What you need to do.
What you return should be the lines from the one with "The Robyn Jacket" through the one with "果然韩旺乎也在吃瓜的第一线啊" in the data below, reproduced exactly with both ends, and no pictures at all.

Data excerpts.

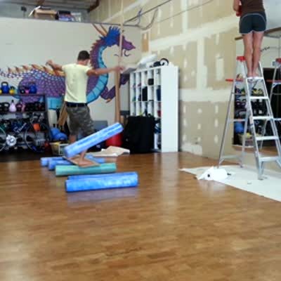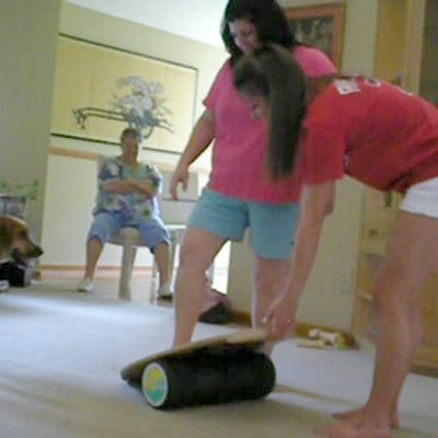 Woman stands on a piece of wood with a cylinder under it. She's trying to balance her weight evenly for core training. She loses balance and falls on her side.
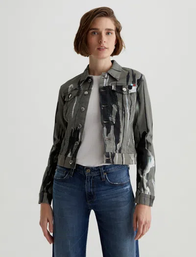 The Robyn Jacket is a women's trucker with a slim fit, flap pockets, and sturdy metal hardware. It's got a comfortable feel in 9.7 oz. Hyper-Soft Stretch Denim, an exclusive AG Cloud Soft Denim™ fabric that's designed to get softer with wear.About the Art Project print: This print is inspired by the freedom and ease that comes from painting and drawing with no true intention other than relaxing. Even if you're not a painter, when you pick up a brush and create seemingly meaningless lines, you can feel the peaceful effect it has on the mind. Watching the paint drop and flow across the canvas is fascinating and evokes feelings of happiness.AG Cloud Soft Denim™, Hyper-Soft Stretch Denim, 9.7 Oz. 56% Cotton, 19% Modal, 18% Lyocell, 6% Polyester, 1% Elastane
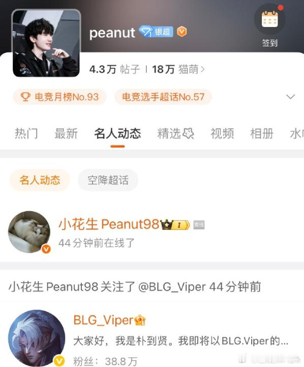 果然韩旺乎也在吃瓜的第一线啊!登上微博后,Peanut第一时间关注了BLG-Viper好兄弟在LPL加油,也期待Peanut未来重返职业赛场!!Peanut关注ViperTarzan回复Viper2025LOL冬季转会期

--

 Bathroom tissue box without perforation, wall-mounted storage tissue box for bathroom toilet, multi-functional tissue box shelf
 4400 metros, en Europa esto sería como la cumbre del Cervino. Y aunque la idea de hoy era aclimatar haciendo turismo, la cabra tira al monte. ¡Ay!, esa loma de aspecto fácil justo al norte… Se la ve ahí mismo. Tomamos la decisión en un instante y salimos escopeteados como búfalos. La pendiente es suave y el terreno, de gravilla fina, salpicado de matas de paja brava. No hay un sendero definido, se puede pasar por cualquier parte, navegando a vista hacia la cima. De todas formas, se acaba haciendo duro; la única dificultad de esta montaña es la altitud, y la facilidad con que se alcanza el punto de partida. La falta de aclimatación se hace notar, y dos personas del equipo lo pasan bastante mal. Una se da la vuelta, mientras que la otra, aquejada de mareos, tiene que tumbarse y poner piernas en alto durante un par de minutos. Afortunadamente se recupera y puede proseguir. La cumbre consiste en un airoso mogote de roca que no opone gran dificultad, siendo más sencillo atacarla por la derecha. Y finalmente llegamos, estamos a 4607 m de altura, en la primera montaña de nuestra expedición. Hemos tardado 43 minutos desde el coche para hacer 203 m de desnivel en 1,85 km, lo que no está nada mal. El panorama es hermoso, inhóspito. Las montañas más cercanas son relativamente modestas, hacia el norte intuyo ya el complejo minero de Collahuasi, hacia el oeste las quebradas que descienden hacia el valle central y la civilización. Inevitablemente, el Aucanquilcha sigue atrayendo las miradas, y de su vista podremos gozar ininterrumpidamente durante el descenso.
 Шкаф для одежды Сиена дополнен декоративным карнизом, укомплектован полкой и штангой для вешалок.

* * *

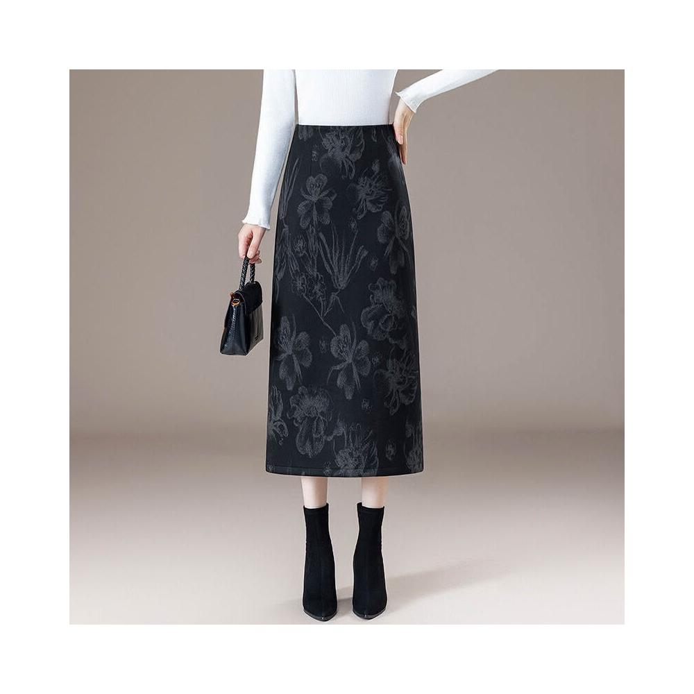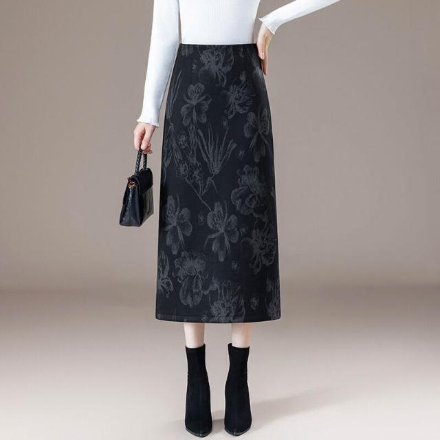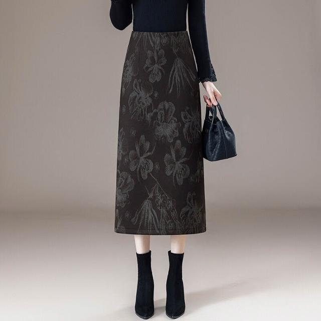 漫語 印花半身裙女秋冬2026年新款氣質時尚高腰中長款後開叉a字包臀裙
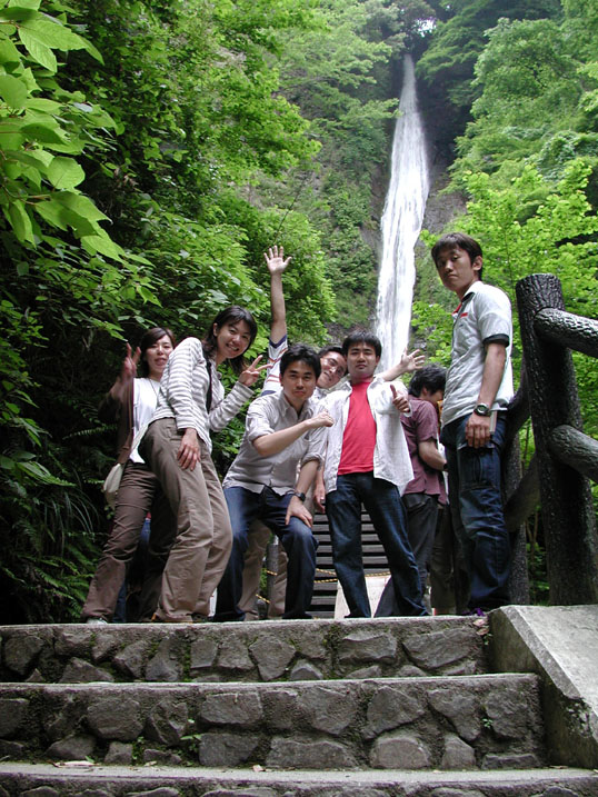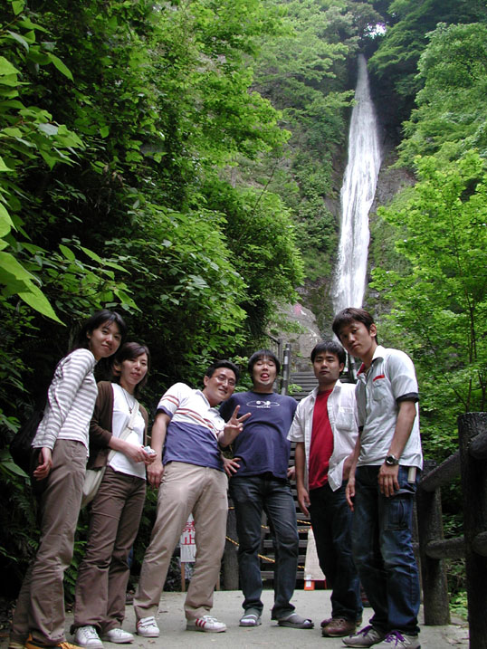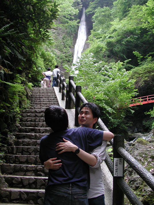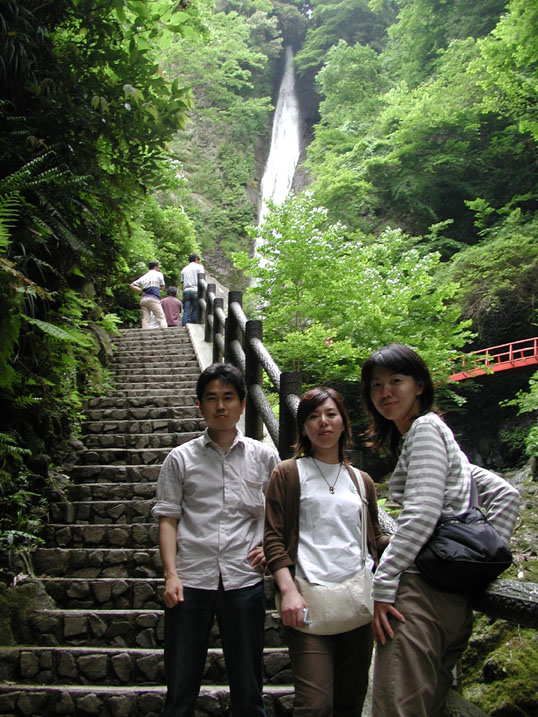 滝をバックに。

Reply.
 The Robyn Jacket is a women's trucker with a slim fit, flap pockets, and sturdy metal hardware. It's got a comfortable feel in 9.7 oz. Hyper-Soft Stretch Denim, an exclusive AG Cloud Soft Denim™ fabric that's designed to get softer with wear.About the Art Project print: This print is inspired by the freedom and ease that comes from painting and drawing with no true intention other than relaxing. Even if you're not a painter, when you pick up a brush and create seemingly meaningless lines, you can feel the peaceful effect it has on the mind. Watching the paint drop and flow across the canvas is fascinating and evokes feelings of happiness.AG Cloud Soft Denim™, Hyper-Soft Stretch Denim, 9.7 Oz. 56% Cotton, 19% Modal, 18% Lyocell, 6% Polyester, 1% Elastane
 果然韩旺乎也在吃瓜的第一线啊!登上微博后,Peanut第一时间关注了BLG-Viper好兄弟在LPL加油,也期待Peanut未来重返职业赛场!!Peanut关注ViperTarzan回复Viper2025LOL冬季转会期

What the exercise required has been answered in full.